Um nêutron que encontra um componente eletrônico desencadeia uma carga elétrica parasita. "Ontem, isto era negligenciável. Mas hoje, a carga gerada por este tipo de fenômeno tem a mesma ordem de grandeza que a carga que permite estocar uma informação na memória", acrescentou.

"Estocamos informação com cada vez menos energia elétrica e a vulnerabilidade dos circuitos integrados dobra a cada geração", explicou o pesquisador. Quando se passa involuntariamente de "0" a "1" -- as duas únicas posições consideradas pela informática --, as conseqüências podem ser catastróficas. Isto pode ocorrer quando o erro afeta a função vital de um marca-passo, um trem de alta velocidade ou freios ABS.

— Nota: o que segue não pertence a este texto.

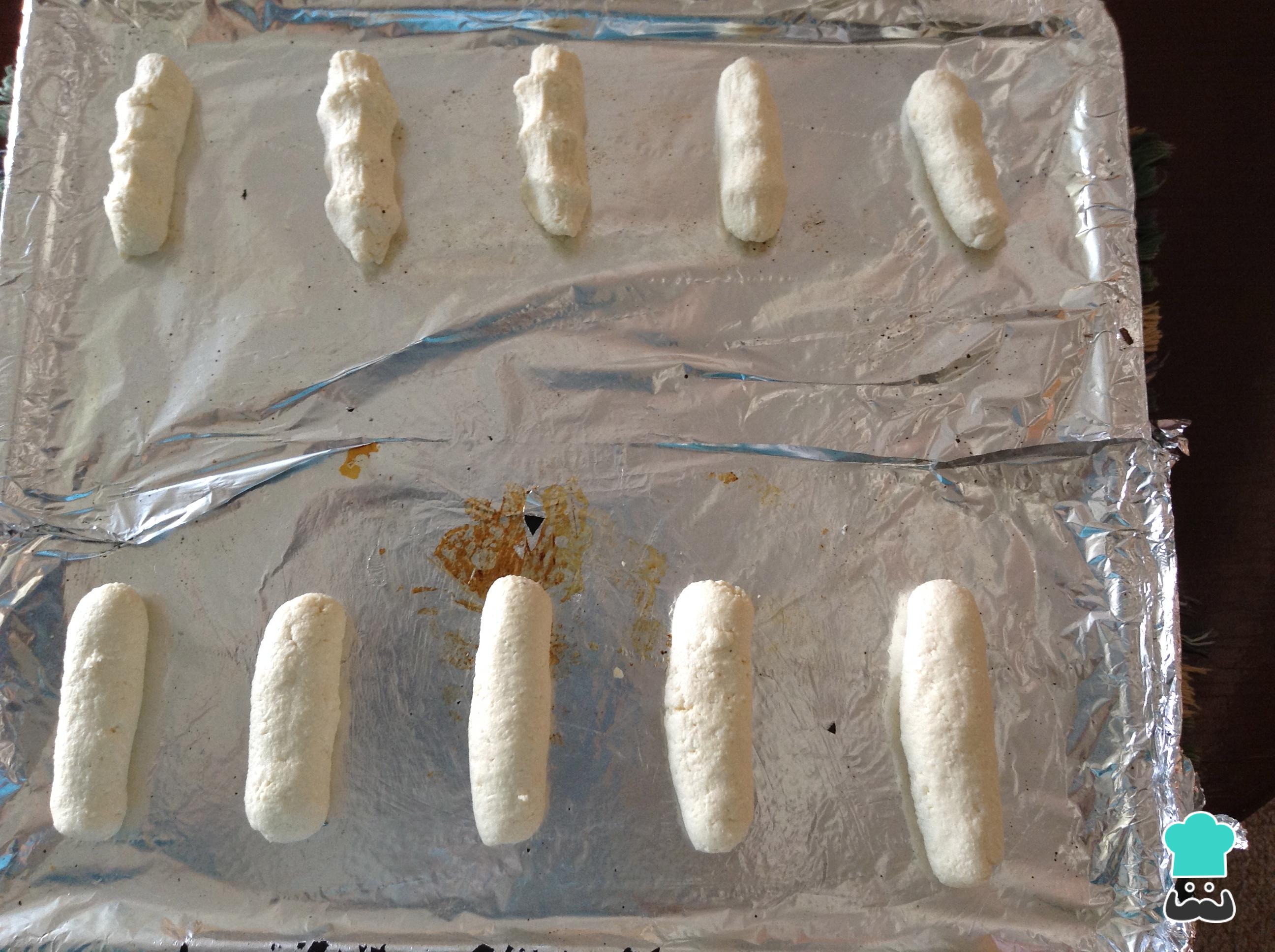 Realizar tiras gruesas con la masa y llevarlas a una lata para horno, se deben poner no muy cerca ya que nuestros pandeyucas crecen bastante.Podemos darle la forma que se quiera.
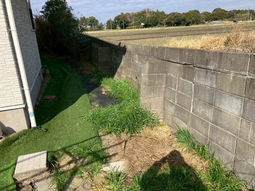 既存のブロックが傾いてしまい、地震がきたら倒壊してしまう恐れがある為

Para enfrentar essa ameaça, os construtores aeroespaciais "endureceram" sua eletrônica, multiplicando os circuitos redundantes. Uma solução cara, que pode ser adotada por um avião ou por um satélite, mas aplicá-la a centenas de milhões de telefones celulares seria mais complicado.

Para medir o fenômeno, Autran e sua equipe abriram em 2006 a plataforma ASTEP, sem equivalente no mundo. Embora todas as indústrias trabalhem para resolver o problema, elas preferem fazê-lo sem alarde.

No planalto alpino de Bure, a 2.550 metros de altitude, um centro de testes foi instalado num antigo radiotelescópio. Objetivo: determinar a quantidade de "0" transformado em "1" (e vice-versa) pelos raios cósmicos. Um equipamento similar foi instalado no laboratório em Marselha e um terceiro 550 metros sob a surperfície, no antigo posto de comando das forças estratégicas francesas do planalto de Albion. Neste último local, nenhum erro deverá ser detectado, a não ser aqueles causados pela desintegração radioativa das impurezas das pulgas.